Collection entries
Content starts

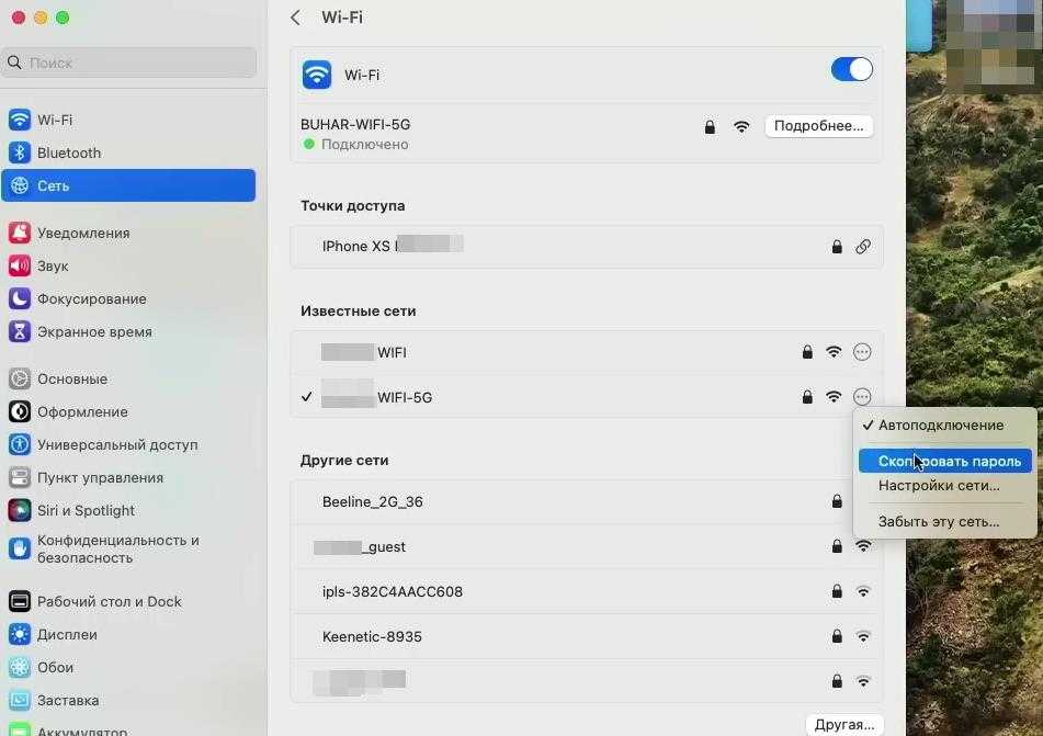 Раньше, чтобы узнать пароль от вашей Wi-Fi сети, нужно было идти в связку ключей. Теперь можно зайти в настройки сети, в меню wi-fi и выбрав нужную вам сеть, просто скопировать пароль. Пароль будет скопирован в буфер обмена.
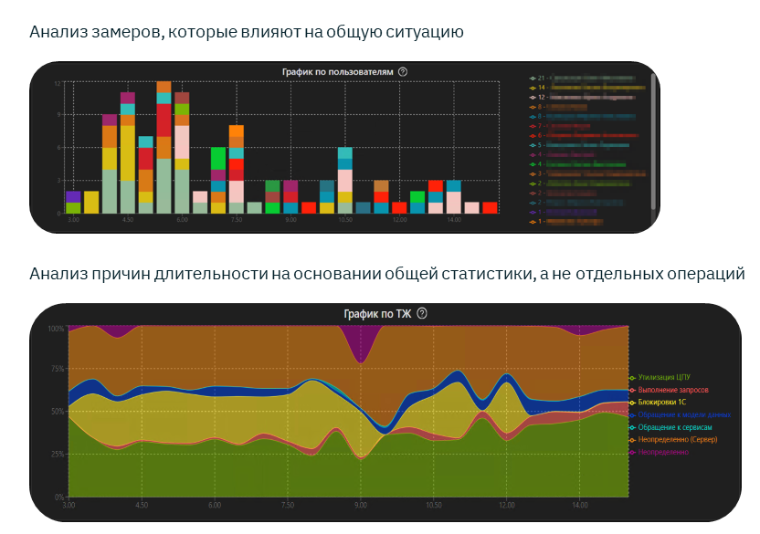 Важно отметить, что данный анализ выполняется не только на основе событий технологического журнала, но и с привлечением дополнительных данных из журнала регистрации. Такой расширенный подход, объединяющий информацию из нескольких источников по определенной логике, существенно повышает детализацию и точность проводимого анализа.
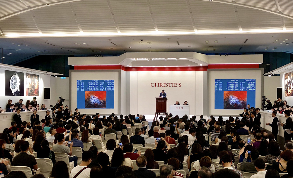 正于香港会展中心举行的佳士得香港二○一八年春季拍卖,艺术部分重头戏“亚洲二十世纪及当代艺术/融艺”晚间拍卖前日(5月26日)下午六时举槌。除了名和晃平《PixCell:鹿 第29号》(Lot 45)即场宣布撤拍,本场共计上拍作品七十六件,其中二十三件逾千万港元成交,赵无极一九五九年油画《14.12.59》(Lot 23)以1.76亿港元成交额称冠(成交额均含佣金,下同),成为拍场上第三贵的赵无极作品(最贵为《29.01.64》,成交价2.03亿港元;其次是《大地无形》成交价1.83亿港元)。
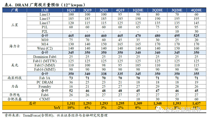2020年DRAM投片量预计同比增长11%,位元供给增长主要由制程升级驱动。DRAM价格自2019年底开始企稳,但主要厂商的投片量尚未显著扩张,预计今年整体DRAM投片产能仅个位数增长,行业的资本支出也将持续下降。三大DRAM原厂的产能概况及预估如下:
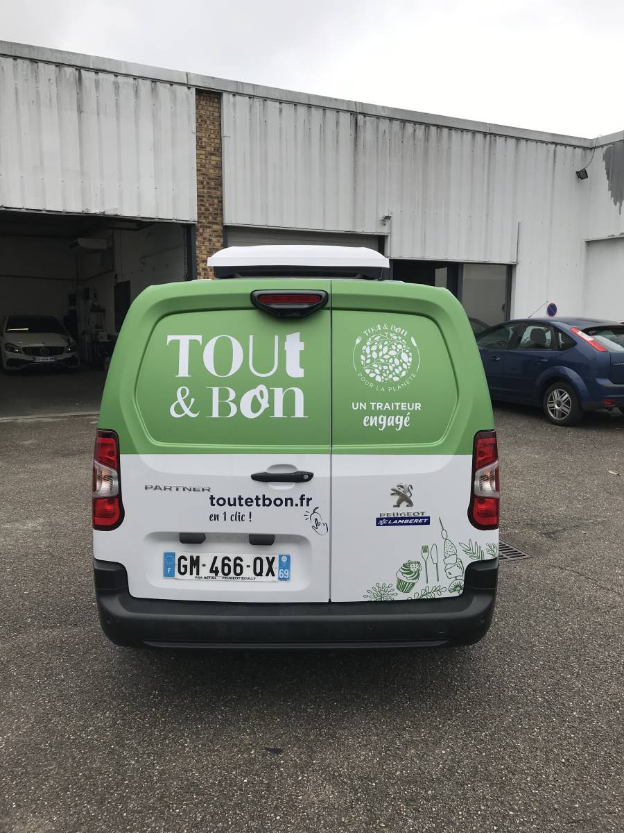 Ce dernier comprend la partie haute en adhésif spécial véhicule Avery ainsi qu'un flocage en semi découpe a l'image de son activité.
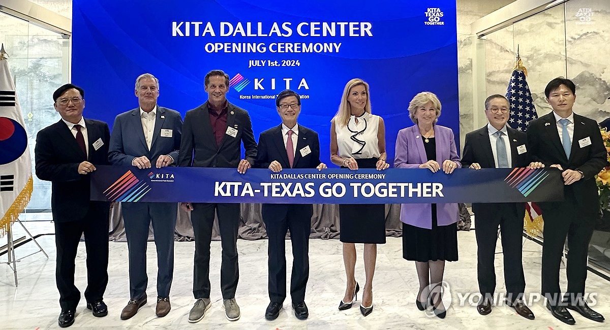 (서울=연합뉴스) 1일(현지시간) 미국 텍사스주 한국무역협회 댈러스 사무소 개소식에서 도광헌 주댈러스 영사출장소 소장(왼쪽부터), 존 먼스 텍사스 플레이노 시장, 리치 맥코믹 조지아 하원의원, 윤진식 한국무역협회 회장, 베스 반 다인 텍사스 하원의원, 제인 넬슨 텍사스주 국무장관, 정영호 주휴스턴 총영사, 김경훈 한국무역협회 댈러스 사무소장이 기념 촬영하고 있다. 2024.7.2 [한국무역협회 제공. 재판매 및 DB 금지]
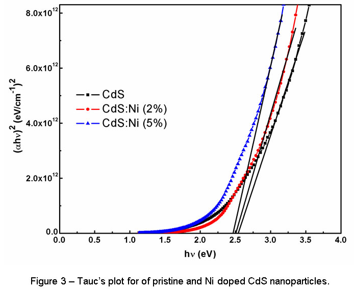 The size of the nanoparticles has been estimated using Brus’s empirical formula9 and found to be 6 nm for pristine CdS, 7 nm for CdS:Ni (2%) and 14 nm for CdS:Ni (4%) which is comparable  to Bohr radius (10.4 nm) of CdS.12 Hence, pristine CdS and Ni-doped CdS as synthesized nanoparticles both are observed to fall within the quantum confinement regime.

Content ends

▸ YOUR TASK
Repeat each record exactly, with the pictures left out.

▸ PROBLEM SOLUTION
 Раньше, чтобы узнать пароль от вашей Wi-Fi сети, нужно было идти в связку ключей. Теперь можно зайти в настройки сети, в меню wi-fi и выбрав нужную вам сеть, просто скопировать пароль. Пароль будет скопирован в буфер обмена.
 Важно отметить, что данный анализ выполняется не только на основе событий технологического журнала, но и с привлечением дополнительных данных из журнала регистрации. Такой расширенный подход, объединяющий информацию из нескольких источников по определенной логике, существенно повышает детализацию и точность проводимого анализа.
 正于香港会展中心举行的佳士得香港二○一八年春季拍卖,艺术部分重头戏“亚洲二十世纪及当代艺术/融艺”晚间拍卖前日(5月26日)下午六时举槌。除了名和晃平《PixCell:鹿 第29号》(Lot 45)即场宣布撤拍,本场共计上拍作品七十六件,其中二十三件逾千万港元成交,赵无极一九五九年油画《14.12.59》(Lot 23)以1.76亿港元成交额称冠(成交额均含佣金,下同),成为拍场上第三贵的赵无极作品(最贵为《29.01.64》,成交价2.03亿港元;其次是《大地无形》成交价1.83亿港元)。
2020年DRAM投片量预计同比增长11%,位元供给增长主要由制程升级驱动。DRAM价格自2019年底开始企稳,但主要厂商的投片量尚未显著扩张,预计今年整体DRAM投片产能仅个位数增长,行业的资本支出也将持续下降。三大DRAM原厂的产能概况及预估如下:
 Ce dernier comprend la partie haute en adhésif spécial véhicule Avery ainsi qu'un flocage en semi découpe a l'image de son activité.
 (서울=연합뉴스) 1일(현지시간) 미국 텍사스주 한국무역협회 댈러스 사무소 개소식에서 도광헌 주댈러스 영사출장소 소장(왼쪽부터), 존 먼스 텍사스 플레이노 시장, 리치 맥코믹 조지아 하원의원, 윤진식 한국무역협회 회장, 베스 반 다인 텍사스 하원의원, 제인 넬슨 텍사스주 국무장관, 정영호 주휴스턴 총영사, 김경훈 한국무역협회 댈러스 사무소장이 기념 촬영하고 있다. 2024.7.2 [한국무역협회 제공. 재판매 및 DB 금지]
 The size of the nanoparticles has been estimated using Brus’s empirical formula9 and found to be 6 nm for pristine CdS, 7 nm for CdS:Ni (2%) and 14 nm for CdS:Ni (4%) which is comparable  to Bohr radius (10.4 nm) of CdS.12 Hence, pristine CdS and Ni-doped CdS as synthesized nanoparticles both are observed to fall within the quantum confinement regime.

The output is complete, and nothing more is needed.